Neben normalen Gegnern gibt es selbstverständlich auch Mini-Bosse und Bossgegner. Diese verfügen über viel mehr LP und Stärke als eure normalen Feinde und sind schwieriger zu besiegen. Landet ihr in einer (Mini-)Boss-Zone, müsst ihr neben diesem auch immer wieder dazukommende Gegner besiegen. Habt ihr dies endlich geschafft, erwartet euch eine große Belohnung!

Es gibt auch ein Alchemiesystem. Indem ihr Gegenstände miteinander kombiniert, erhaltet ihr entweder eine stärkere Variante (z.B. einen besseren Heiltrank) oder gänzlich neue. Ihr findet hierfür im Laufe des Spiels einige Rezepte, doch braucht ihr diese nicht unbedingt. Theoretisch könnt ihr direkt alles miteinander kombinieren und herstellen, doch mit den Rezepten ist dies eindeutig einfacher.

Um sich leichter zwischen einigen Zonen eines Gebietes zu bewegen, könnt ihr euch von Rastzonen aus zu anderen, bereits besuchten, Rastzonen teleportieren. Gerade im späteren Spielverlauf, wo die Gebiete größer sind, ist dies eine willkommene Möglichkeit, falls ihr euch bereits kurz vorm Boss befindet und auf der Übersichtskarte, Select-Taste, seht, dass ihr eine Zone am Anfang noch nicht besucht habt.

Habt ihr die Geschichte eines Charakteres abgeschlossen, schaltet ihr eine weitere frei, mit einem neuen Charakter. Insgesamt gibt es 5 Charaktere, welche sich in den Fähigkeiten sehr unterscheiden. Weiß sich der eine eher in der Eismagie zu behaupten, beherrscht ein anderer Feuermagie. Die Geschichten dieser 5 Figuren spielen häufig zur gleichen Zeit, jedoch erlebt ihr diese dann aus gänzlich anderen Blickwinkeln. So erfahrt ihr immer mehr über die Hauptgeschichte und gegen Ende schließen sich die 5 zusammen und ihr übernehmt ebenfalls die Steuerung über alle.

Fazit
Ein wunderschönes Spiel mit einer sehr interessanten und fantastischen Geschichte und einem durchaus guten Kampfsystem.
Das Spiel wurde hierzulande sogar lokalisiert, es bietet also auch deutsche Bildschirmtexte!

Grafik
Wie aus einem Märchenbuch, recht bunt, dennoch nicht zu kindisch.

Sound
Ein beruhigender Soundtrack sorgt schließlich für den letzten Hauch von Märchen.
Es gibt sogar eine Sprachausgabe, wo ihr zwischen Englisch und Japanisch wählen könnt. Beide sind qualitativ sehr hochwertig.

Schlussworte
Odin Sphere: Leifthrasir ist, wie bereits erwähnt, ein wunderschönes Spiel mit klassisch märchenhafter Musik und einer Geschichte, die sich spielt und liest wie ein Märchen aus längst vergangenen Tagen.
Das Kampfsystem ist schnell, actionlastig und spaßig. Rundenbasierte Kämpfe wären hier völlig fehl am Platz.

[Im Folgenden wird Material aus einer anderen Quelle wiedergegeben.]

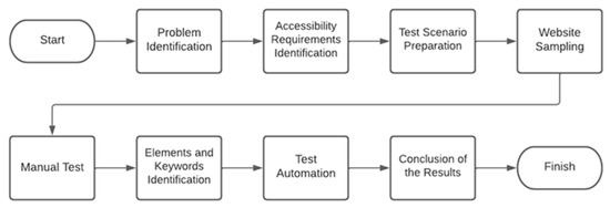The fifth stage is a Manual Test in the form of exploratory tests. The Manual Test was carried out to find unknown web elements in each sample. Once discovered, several accessibility feature usage scenarios were tested for functionality. The sixth stage is Elements and Keywords Identification. For each accessibility feature that passed the Manual Test, its HTML element was identified to find keywords that point to that element. Keywords were used as coordinates in the test automation script. The seventh stage is Test Automation. The automation was performed by accessing the HTML DOM of a web page, and it verified the presence of elements based on coordinates.
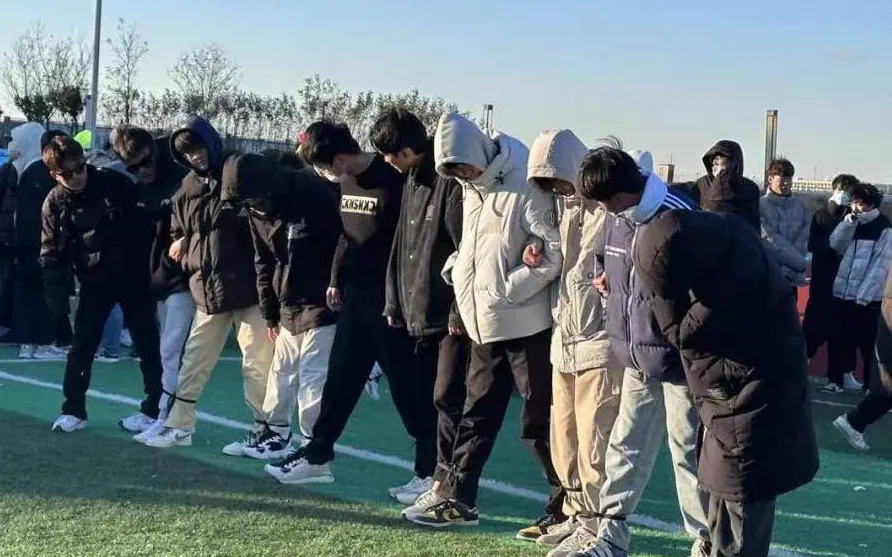 开幕式前,由学生干部组织学生从学校出发前往操场,并且一路跟随,确保学生的安全。
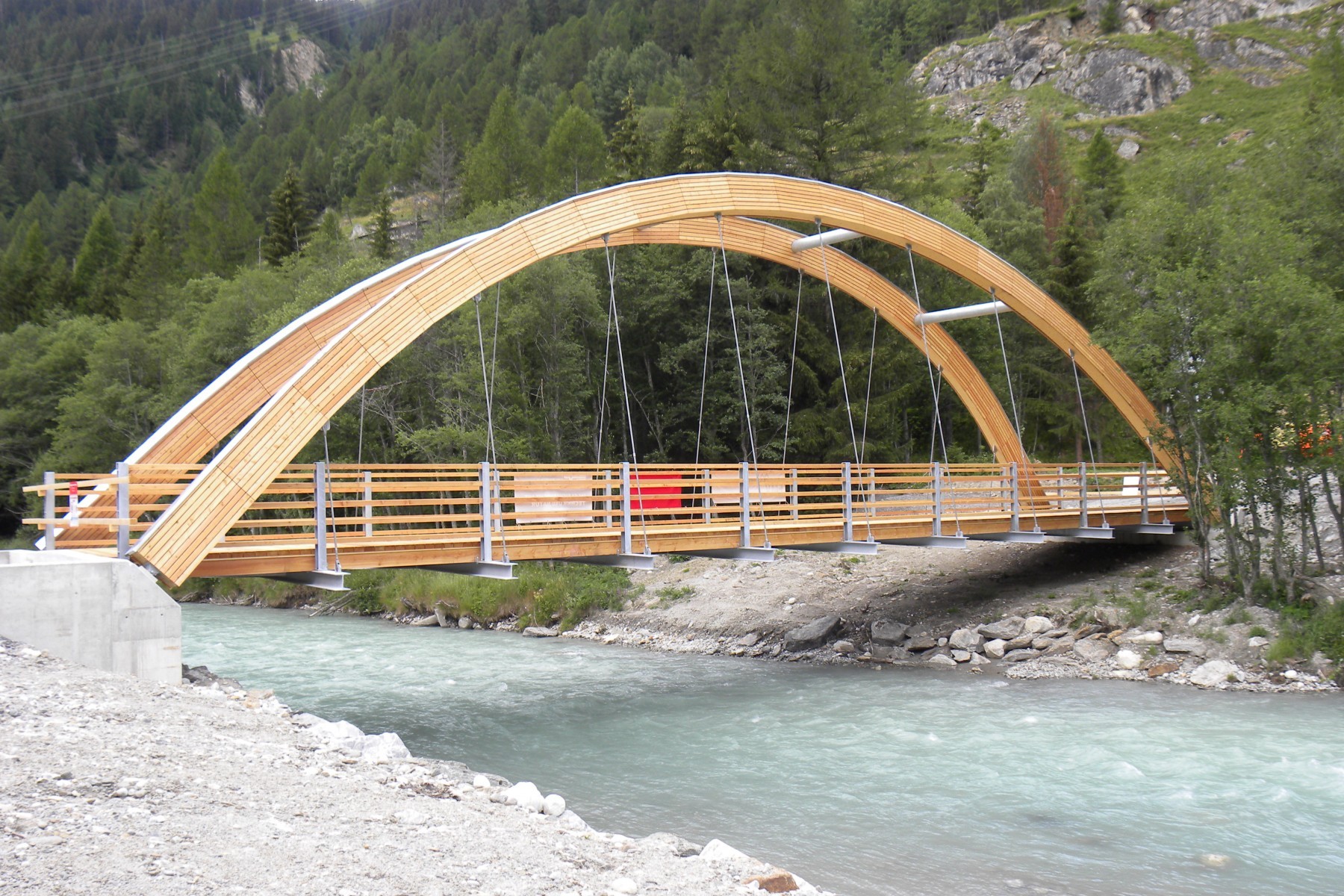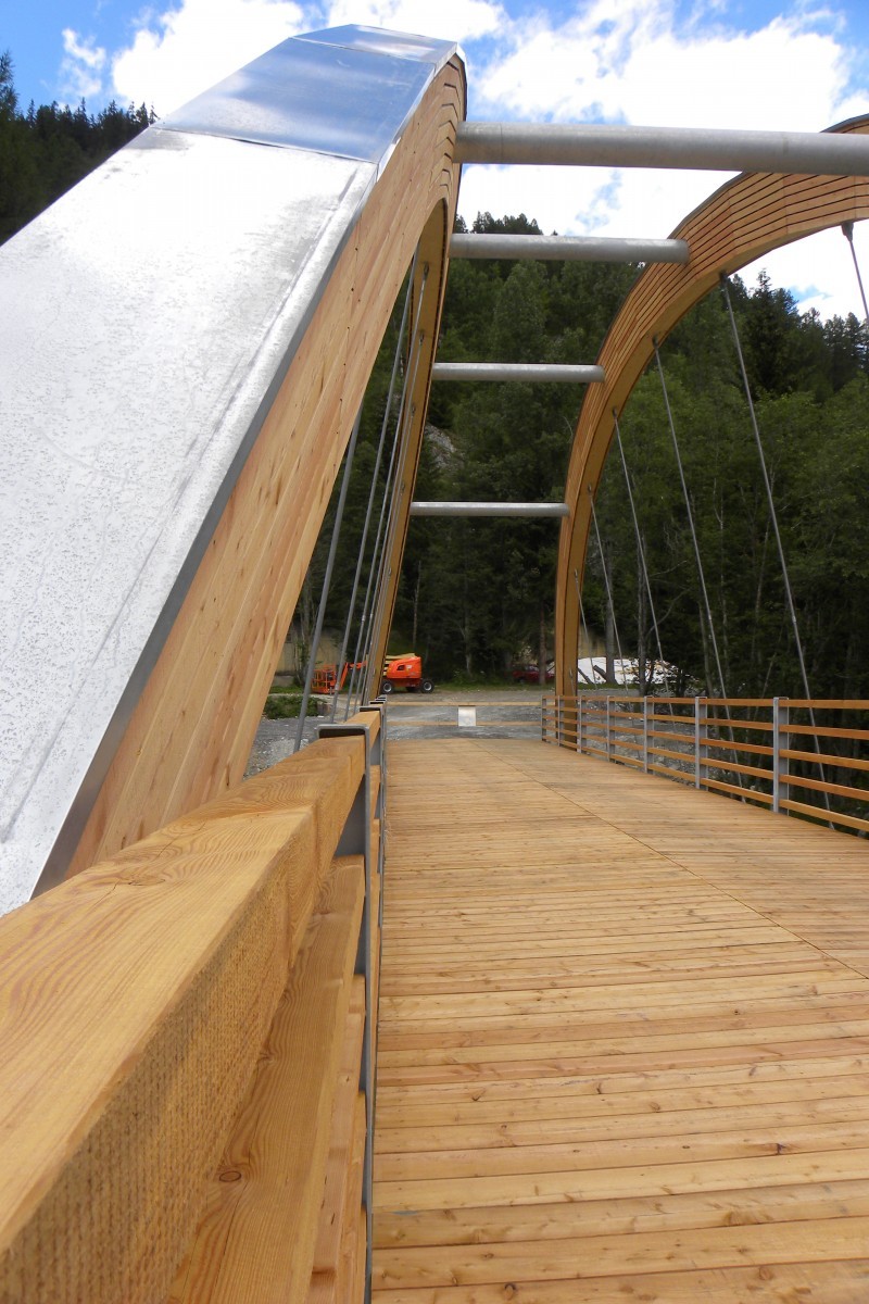 Die Fussgänger- und Loipenbrücke führt über die junge Rhone in Oberwald. Sie verbindet das Loipennetz gegen den „Pischewald“ und gewährt den Fussgänger im Sommer neue Erkundungswege. Die freitragende Bodenbrücke ist auf 36 m1 Spannweite konzipiert. Die Bogenträger in Fichtenholz BSH in Kombination mit Stahlträger verleiht der Brücke eine gewisse Fragilität. Die gesamte Konstruktion wurde mit zwei Autokränen auf die vorbereiteten Wiederlager in Stahlbeton in einem Arbeitsgang versetzt. Der Brückenboden und das Geländer sind in Lärchenholz gehalten. Die Bogenbinder sind zum Schutz mit einer liegenden Romboidschalung in Lärche verkleidet.
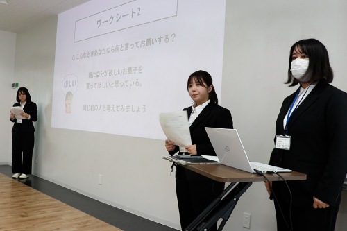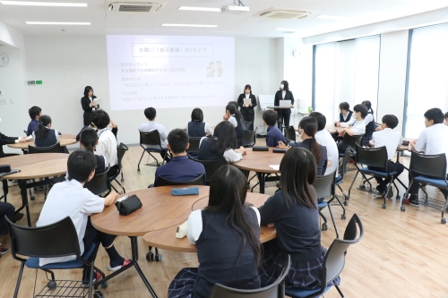 今回は中学3年生を対象にアサーショントレーニングを行いました。これは自分と相手を尊重しながら、自分の意見や気持ちを率直かつ適切に伝えることができるようになるためのトレーニングで「上手に頼みごとをしよう!」というテーマで生徒はそれぞれ「上手な頼み方」を考えて発表しました。

Durch die 5 spielbaren Charaktere bietet das Spiel einen großen Wiederspielwert. Zwar sind viele der zu besuchenden Gebiete identisch mit denen anderer Charaktere, doch sind die Zonen anders aufgebaut und aufgeteilt.
Odin Sphere: Leifthrasir erhält von mir eine Bewertung von 90%. Grafik, Musik und Spielweise harmonieren perfekt miteinander und man fühlt sich so, als wäre man selbst mitten in der Geschichte. Durch die Dialoge und Sprachausgabe fühlt man mit den einzelnen Figuren mit und man möchte zu jedem Zeitpunkt wissen, wie es weiter geht.